BILL S 0 Junior Poster

I only recently read that Intel changed attributes of the Pentium 3 three times or so during it's life. I entered the real laptop realm only this year with Dell's 5 year old C600 on up series, and that uses a 550 to 700 Speedstep on up to 1GHz.
When I bought older used desktops over the past year, I found I was limited to Pentium 3s stopping at 333 (This is in fact a Pentium 2, Slot 1 CPU that should expand to 450Mhz top speed but was capped at 333 and ran a 300 supplied chip) and 550Mhz on the same sockets, socket 1 and 370 motherboards. What exactly accounts for this, the chip?, or perhaps BIOS? A couple computers I took on use Pheonix BIOS chips and I saved these under the impression some boards could upgrade using them, two were native to an Acer desktop and a Amptron, etc. Bk630e bookPC that seems to have failed.

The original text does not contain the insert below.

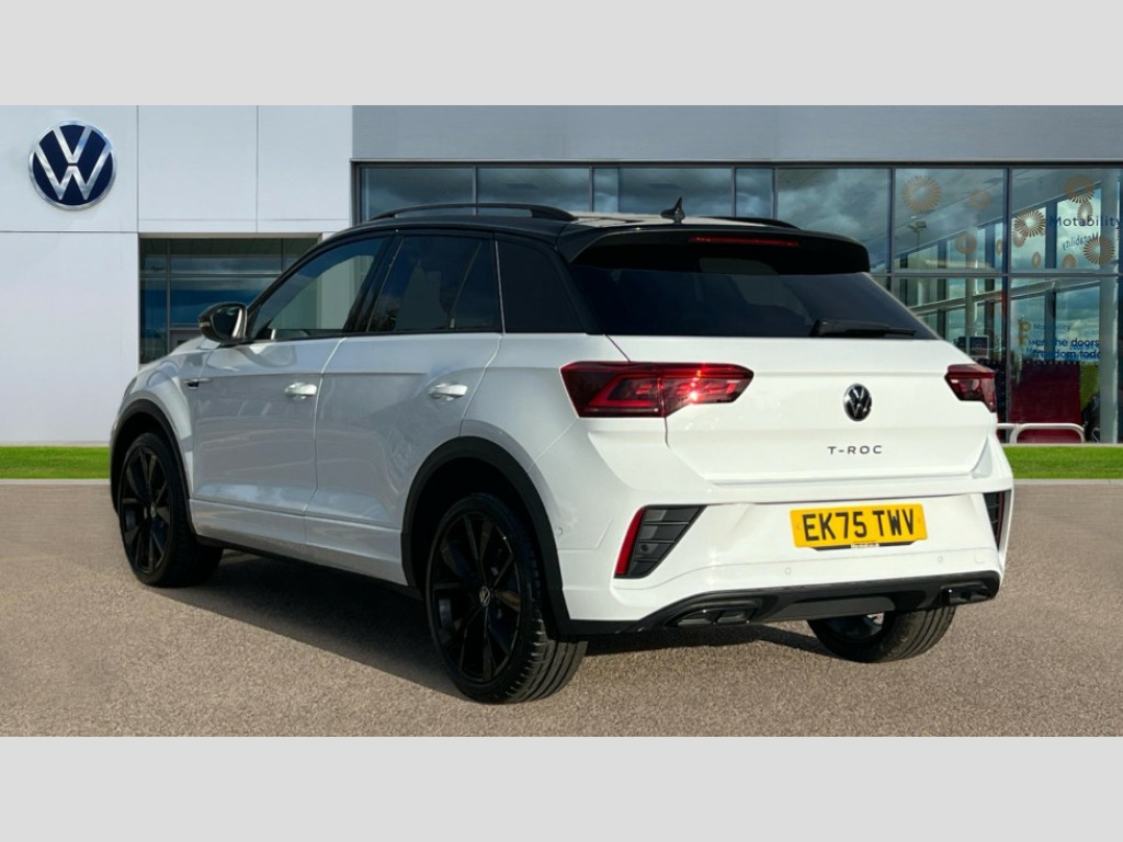Give us a call and we guarantee to provide you with the best experience possible when buying your next vehicle. 10.25" Digital cockpit pro, Advanced driver attention and drowsiness monitor, Emergency call service, Lane keeping system Lane Assist, Mobile phone interface, Modified key software - reduce switch off time for key status change to Long no motion, Online services, Park assist including front and rear parking sensors, Power assisted speed sensitive steering, Rear view camera, Service interval indicator, Tailgate/trunk lid release from outside, Think blue trainer driver tips and journey analysis, Warning sound and light for front seatbelts unfastened, Wireless app connect, Battery regeneration during braking, Rear shock absorption chassis with increased ride height, Start/stop function with battery regeneration, DAB Digital radio, Diversity antenna for FM reception, Music playback - MP3, WMA and AAC files, Premium USB cable in choice of either Apple or Android smartphone compatibility, SD card slot, Simultaneous pairing of 2 compatible mobile devices, Title and cover art display, We Connect and We Connect Plus functionality, Advanced dynamic light assist for LED matrix headlights, Auto dimming interior rear view mirror, Automatic hazard lights activation under emergency braking, Black roof rails, Dynamic cornering light, Dynamic headlight range control with self adjusting whilst driving, Electrically adjustable and heated door mirrors, Extended roof spoiler, Exterior ambient lighting, Exterior mirrors aspherical on driver side, convex on front passenger side, External USB type C socket and charging sockets, Front windscreen wiper with intermittent wipe and 4 position delay, Heated rear window, Illuminated front grille, IQ LED matrix headlights, LED 3rd brake light, LED rear number plate lights, LED rear tail lights with dynamic turn signal, LED separate daytime running light, Light mode for poor weather, rain, fog or snow, Power windows with comfort operation and circuit breaker, Privacy glass for rear side windows and rear window, R-Line design body coloured bumpers, Rain sensor, Rear exhaust tailpipe, Rear fog light on one side and reversing lights on both sides, Rear side wing doors, Rear wash/wipe with intermittent wipe setting, Remote electrically foldable door mirrors, puddle lights and reverse activated passenger's door mirror, Tilting and sliding panoramic sunroof with rear panoramic sunroof, 12V power socket in centre console, 3 rear head restraints, 3 seat bench in 2nd row, 4 load lashing points in luggage compartment, Air care climatronic air conditoning system with active combination filter and 2-zone temperature control, Chrome plated radiator grille inserts, air vent surrounds and light switch surrounds, Door and side trim panel with leatherette insert, Drawer under drivers seat, Front + rear carpet mats, Front centre armrest, Front comfort sports seats, Front cupholders x 2, Front footwell illumination, Front reading light, Front scuff plates with R Line logo, Front seat back storage pockets, Glove compartment door with light, Instrument lighting, white adjustable panel illumination, Interior ambient lighting and surround lighting, Interior light delay, Isofix child seat preparation, Leather gearshift handle, Load-through provision with cup holder when folded down ('Unsplit rear seat bench, split folding backrest, with centre armrest), Luggage compartment lighting, Non-folding front passenger seat backrest, Single front passenger seat, Stainless steel pedals, Storage compartment in left and right luggage area, Storage compartment in rear doors, Storage compartments in driver and front passenger doors, Sunvisors with illuminated vanity mirrors, Variable boot floor, height adjustable and removable, Black design pack - T-Roc black edition plus, Easy open package with safelock - T-Roc, Sport pack with sports suspension - T-Roc, 3 point height adj front seatbelts + pretensioners, 3 point seatbelts in outer rear with ECE label, ABS, Child locks on rear doors, City emergency braking and pedestrian monitoring, Driver and front passenger airbag with front passenger airbag deactivation, Driver and front passenger safety-optimised head restraints, Drivers seatbelt reminder, Electronic parking brake, Electronic Stability Control (ESC) inc EDL (Electronic Differential Lock) and ASR (Traction Control), Front and rear passengers curtain airbag system including front side airbags, Front disc brakes, Hill start assist, Predictive pedestrian protection, Rear disc brakes, Two tone horn, Tyre pressure loss indicator, Volkswagen roadside assistance, Keyless locking and starting system keyless access with safelock, Gloss deep iron dash trim, 19" Misano black diamond turned alloy wheels with low rolling resistance and anti theft wheel bolts, Tool kit, Trims for alloy wheels, Tyre mobility kit including compressor and sealing foam

Another interesting factoid is Intel's site states Speedsteps start at 600Mhz on up, my Dell's chip clearly states that is false, even though reported on Intel's site, I would say they have incorrect data listed. The 550, mind you, is the slow battery saving state of the Speedstep and 700 on up has always been fine with video applications I have used since I bought my first eMachine. The Dell C610 laptop has expanded hardware attributes and runs a 1.2GHz Mobile Pentium, I think this is the mobile form of Tualatin, I presume the last and best Pentium 3 chip series?
The Tualatins are priced high still and I have been trying to find a good home for a 1.3 chip I bought, so far, nada.

Did the Tualatin stop at 1.4GHz, where P4s started? I read the P4s early debut couldn't compete with the last Pentium 3s which speak highly for the possible extended use of these older chips for a few years to come. I find even under 1GHz, many apps run just fine, the ones I use alot.